Second, as shown in Figure 18, one can observe several properties of the cases listed in the previous section; e.g., it is plausible that, in the case of a slower chasing velocity than an escaping robot, the success rate is globally lower than that in the other cases. Additionally, the success rate when the velocity of the chasing robot is faster than that of the escaping robot is globally greater than that in the case in which both velocities are equal.

As a further characteristic feature, there is a global tendency for the success rate to decrease with increasing detecting angle range. This is due to increasing uncertainty in detecting directional information with respect to target and/or chasing robots. However, considering these global tendencies, there are a few small hill-like extrema. These phenomena are interesting and interpreted as follows: although the directional information obtained by the sensor device includes uncertainty, optima detection angle range exists because too low of an angle range lead to dangerous unawareness of the chaser and too wide of a detection angle range can lead to overly ambiguous direction information concerning the existence of the chasing robot.
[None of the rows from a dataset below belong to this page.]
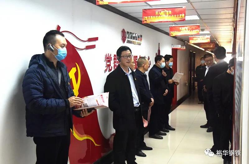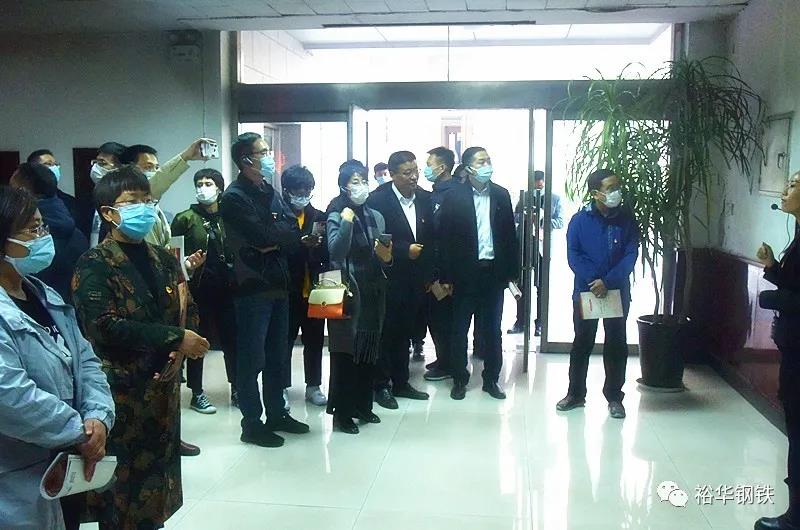 在七樓黨群活動中心,觀摩團依次參觀了七樓黨群圖書閱覽室、黨群談心室、健身活動室、黨員活動室、檔案室以及集團武裝部、團委、關工委、紀委和工會的辦公場所,聽取了講解員就幾位優(yōu)秀黨員先進事跡的介紹。黨委委員孫紅明也向觀摩團一行匯報了集團在黨建引領下的工建、團建以及黨工共建的工作情況。健全的機制、完善的設施、主題鮮明的黨建宣傳氛圍,達到了黨建工作的“六有”標準,也贏得了觀摩團一行的嘖嘖稱贊。
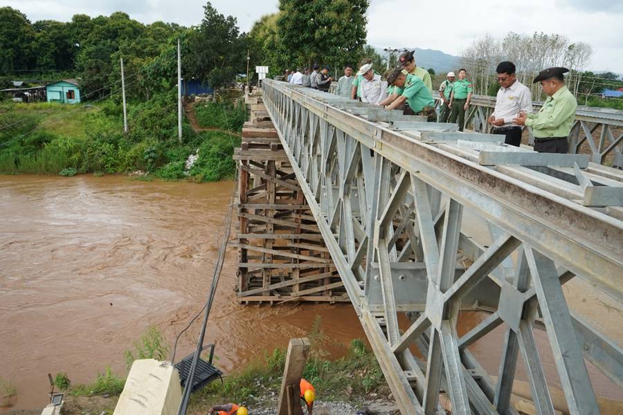 ရှမ်းပြည်နယ်(အရှေ့ပိုင်း) မိုင်းဆတ်မြို့နယ် မိုင်းဆတ်-တာချီလိတ်လမ်းပေါ်ရှိ ဆိုက်ခေါင်တံတားသစ်စီမံကိန်းနေရာနှင့် လက်ရှိအသုံးပြုလျက်ရှိသော ဘေလီတံတား၏ ကြံ့ခိုင်မှုအခြေအနေများအား ဇူလိုင် ၁၄ ရက်ညနေပိုင်းတွင် တြိဂံဒေသတိုင်းစစ်ဌာနချုပ်တိုင်းမှူး ဗိုလ်ချုပ်စိုးလှိုင်နှင့် တာဝန်ရှိသူများက သွားရောက်ကြည့်ရှုစစ်ဆေးသည်။
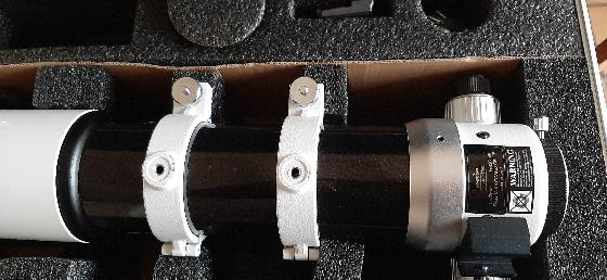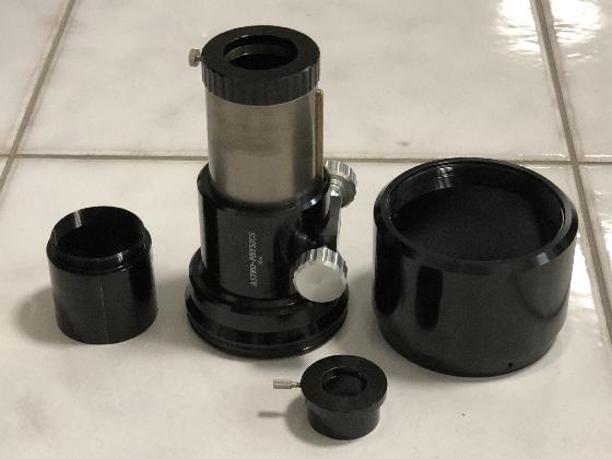 je lui ai ajouté un coulant 2", vendue avec son coulant d'origine 31.75. chercheur solaire et filtre pleine ouverture (feuille neuve Astrosolar visuel et photo).

Finally, even when the velocity of the escaping robot is $1.5\times$ the velocity of the chasing robot, the success rate of capture is not as small as that shown in Figure 18. The reason is the existence of boundaries in this set context. If chasing and fleeing are executed in free space without boundaries, then the result could change substantially. In computer experiments and/or practical hardware-implemented experiments, we observe that the escaping robot generally stays near boundary walls and consequently captured by the chasing robot. Therefore, the existence of boundary walls is important in this context, and a case of free space for escaping a robot is an interesting task to explore in the future.

5. Conclusions

The concluding remarks of this work are as follows:

(1) 

Neuroscience and brain-science are explored from the viewpoint of “what is the role of complex dynamics (chaotic dynamics) in biological systems such as the brain?”. Notably, several functional aspects of chaos are explored, particularly in the realization of “complex functions with simple rules” by introducing chaotic dynamics into control mechanisms in systems with finite but high degrees of freedom, which typically emerge in biological systems.

(2) 

Both computer experiments and actual experiments with hardware-implemented robots, for instance, have revealed that chaos promotes various functional abilities.

(3) 

In a practical sense, in this paper, we explore new experiments to investigate functional aspects of chaos via behavioral interactions in an ill-posed context, namely, two roving robots in a maze, seeking to catch each other or one chasing and the other fleeing, as observed in the survival activities of insects in natural environments. The successful results of both computer experiments and hardware-implemented experiments reveal that chaos dynamics can be used to guide autonomous and/or adaptive functions with simple rules.

(4) 

Analyses of the results suggest that chaos dynamics in the high-dimensional phase space of a pseudo-neuron network are important for realizing advanced functions, but the present model and parameters cannot generate optimal dynamic structures. Thus, it is necessary to introduce a certain learning factor into these functions. This problem is similar to that in other functional applications of chaos in complex functions [17,38], and this topic will be further explored in our future work.